### EXERCISE BRIEF
Return every record below exactly; leave out the images.

[Collection entries]
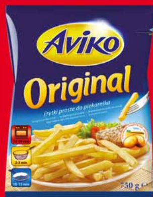
❄️ FRYTKI 750 G • proste, karbowane 59704635
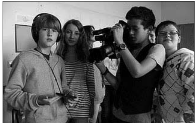
Teilnehmer des Film-Wettbewerbs Kid-WitnessNews

Ein verbindlicher Methodenlehrplan stellt sicher, dass neben den fachlichen Inhalten auch die Organisation des eigenen Lernprozesses („Lernen lernen“) auf allen Klassenstufen kontinuierlich eingeübt wird. Dazu gehören u.a. die richtige Vorbereitung auf Klassenarbeiten, Lesetechnik, Präsentation, Protokollieren und Recherche. So stellen wir sicher, dass unsere Schüler neben der fachlichen Kompetenz auch die so genannten Schlüsselqualifikationen (z.B. Analysefähigkeit, Denken in Zusammenhängen, Meta-Kognition, Ausdauer, Flexibilität) erwerben.
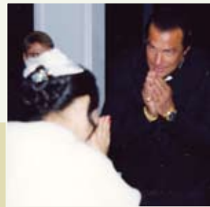
Steven Seagal, slavný americký herec Dětská výzkumná nemocnice sv. Judy, 19. výroční benefiční galavečer v Beverly Hills, Kalifornie, USA (1999)
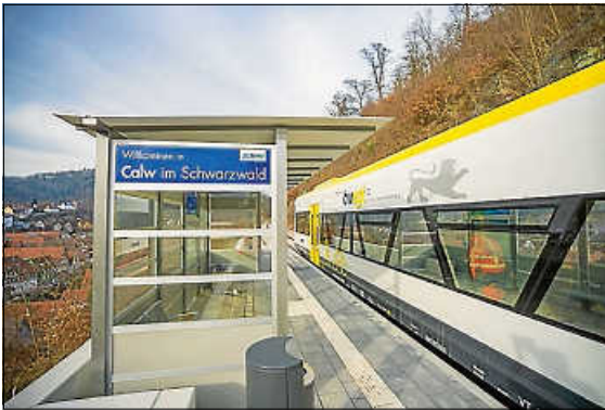
Kostenfreie Fahrt im VVS für Inhaberinnen und Inhaber der Ehrenamtskarte am Samstag, den 23. Mai 2026

Der Landkreis Calw bedankt sich herzlich bei allen ehrenamtlich Engagierten für ihren wertvollen Einsatz und ihr Engagement für die Gesellschaft.
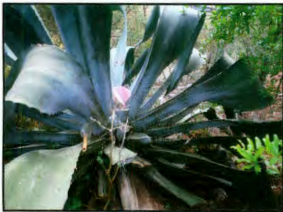
Imagen 6: El maguey, elemental para la vida serrana

Asimismo, la alimentación y producción en la localidad se complementa con los frutos abundantes como el aguacate, naranja, lima, limón agrio y dulce,
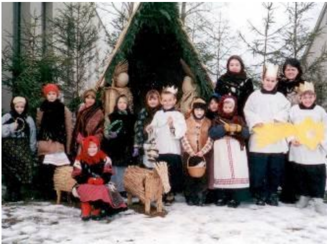
Tříkrálová obchůzka – 1. 1. 2000
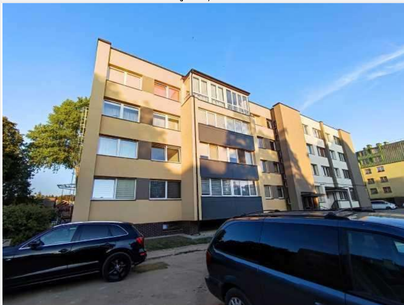
Pastato (jo dalies) fotonuotrauka

Pastatų energinio naudingumo sertifikavimo ekspertas
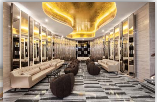
合肥 - 貴賓廳
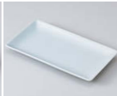
135-504-612 1,500円 青磁 千段焼物皿 (23.8×13.5×2.5) 1013130361
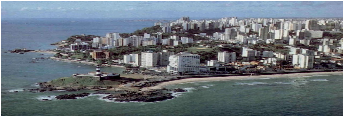
FIGURA 1: Município de Salvador

Minayo (1999, p. 105) conceitua campo como o “recorte espacial que corresponde à abrangência [...] do recorte teórico correspondente ao objeto de investigação”. Assim, a escolha do campo da pesquisa permitiu-nos dialogar com a realidade que queríamos investigar; por isso, definimos como campo de estudo, as Unidades Saúde da Família (USF), do Distrito Sanitário Cabula/Beiru, da cidade de Salvador-BA.

### OUTPUT OF THE TASK
❄️ FRYTKI 750 G • proste, karbowane 59704635
Teilnehmer des Film-Wettbewerbs Kid-WitnessNews

Ein verbindlicher Methodenlehrplan stellt sicher, dass neben den fachlichen Inhalten auch die Organisation des eigenen Lernprozesses („Lernen lernen“) auf allen Klassenstufen kontinuierlich eingeübt wird. Dazu gehören u.a. die richtige Vorbereitung auf Klassenarbeiten, Lesetechnik, Präsentation, Protokollieren und Recherche. So stellen wir sicher, dass unsere Schüler neben der fachlichen Kompetenz auch die so genannten Schlüsselqualifikationen (z.B. Analysefähigkeit, Denken in Zusammenhängen, Meta-Kognition, Ausdauer, Flexibilität) erwerben.
Steven Seagal, slavný americký herec Dětská výzkumná nemocnice sv. Judy, 19. výroční benefiční galavečer v Beverly Hills, Kalifornie, USA (1999)
Kostenfreie Fahrt im VVS für Inhaberinnen und Inhaber der Ehrenamtskarte am Samstag, den 23. Mai 2026

Der Landkreis Calw bedankt sich herzlich bei allen ehrenamtlich Engagierten für ihren wertvollen Einsatz und ihr Engagement für die Gesellschaft.
Imagen 6: El maguey, elemental para la vida serrana

Asimismo, la alimentación y producción en la localidad se complementa con los frutos abundantes como el aguacate, naranja, lima, limón agrio y dulce,
Tříkrálová obchůzka – 1. 1. 2000
Pastato (jo dalies) fotonuotrauka

Pastatų energinio naudingumo sertifikavimo ekspertas
合肥 - 貴賓廳
135-504-612 1,500円 青磁 千段焼物皿 (23.8×13.5×2.5) 1013130361
FIGURA 1: Município de Salvador

Minayo (1999, p. 105) conceitua campo como o “recorte espacial que corresponde à abrangência [...] do recorte teórico correspondente ao objeto de investigação”. Assim, a escolha do campo da pesquisa permitiu-nos dialogar com a realidade que queríamos investigar; por isso, definimos como campo de estudo, as Unidades Saúde da Família (USF), do Distrito Sanitário Cabula/Beiru, da cidade de Salvador-BA.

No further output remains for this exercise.